PROBLEM DETAILS ::
Retype the listing exactly; omit pictures.

INFORMATION SUPPLIED ::
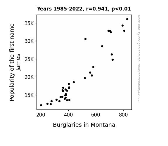This means 88.5% of the change in the one variable (i.e., Burglaries in Montana) is predictable based on the change in the other (i.e., Popularity of the first name James) over the 38 years from 1985 through 2022.
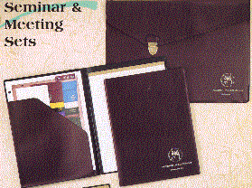 Portfolios are one of our most popular items for meetings, conventions, seminars and retreats. Below we have a Economy Snap Portfolio that measures 14 5/8" X 11". It features a brass snap to keep your importmant papers securely in place. Beneath it is the Zip Lock Portfolio that features a unique watertight, plastic zip lock closure with pull tab. It measures 14" X 10 1/4". Both of these portfolios are available in a variety of colors. Minimum imprintable quntity is 100.
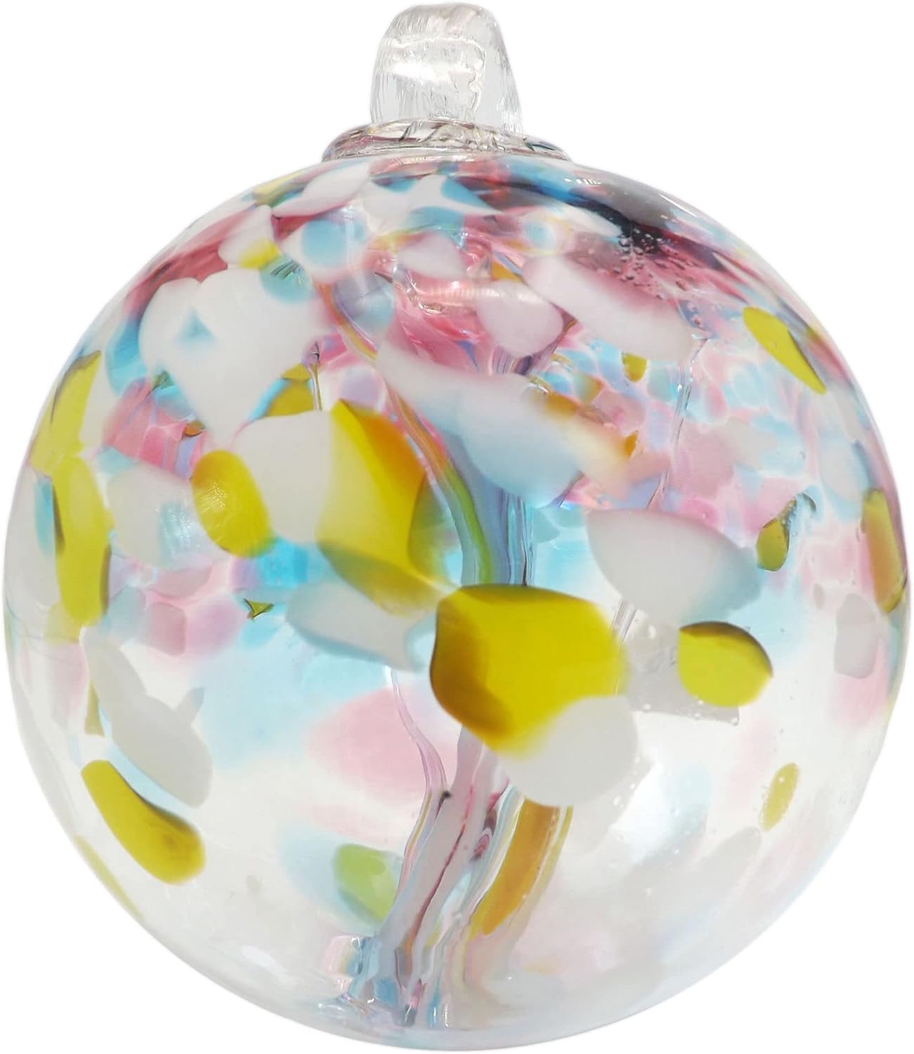 This exquisite Dale Tiffany glass gazing ball is a work of art that captures the beauty of nature and modern design. Crafted with exceptional care, its rich hues and hand-blown elegance reflect a unique blend of creativity and craftsmanship. At the heart of the glass lies a delicate tree trunk detail, making it a one-of-a-kind decorative element that adds charm and character to any space.

FINAL ANSWER ::
This means 88.5% of the change in the one variable (i.e., Burglaries in Montana) is predictable based on the change in the other (i.e., Popularity of the first name James) over the 38 years from 1985 through 2022.
 Portfolios are one of our most popular items for meetings, conventions, seminars and retreats. Below we have a Economy Snap Portfolio that measures 14 5/8" X 11". It features a brass snap to keep your importmant papers securely in place. Beneath it is the Zip Lock Portfolio that features a unique watertight, plastic zip lock closure with pull tab. It measures 14" X 10 1/4". Both of these portfolios are available in a variety of colors. Minimum imprintable quntity is 100.
 This exquisite Dale Tiffany glass gazing ball is a work of art that captures the beauty of nature and modern design. Crafted with exceptional care, its rich hues and hand-blown elegance reflect a unique blend of creativity and craftsmanship. At the heart of the glass lies a delicate tree trunk detail, making it a one-of-a-kind decorative element that adds charm and character to any space.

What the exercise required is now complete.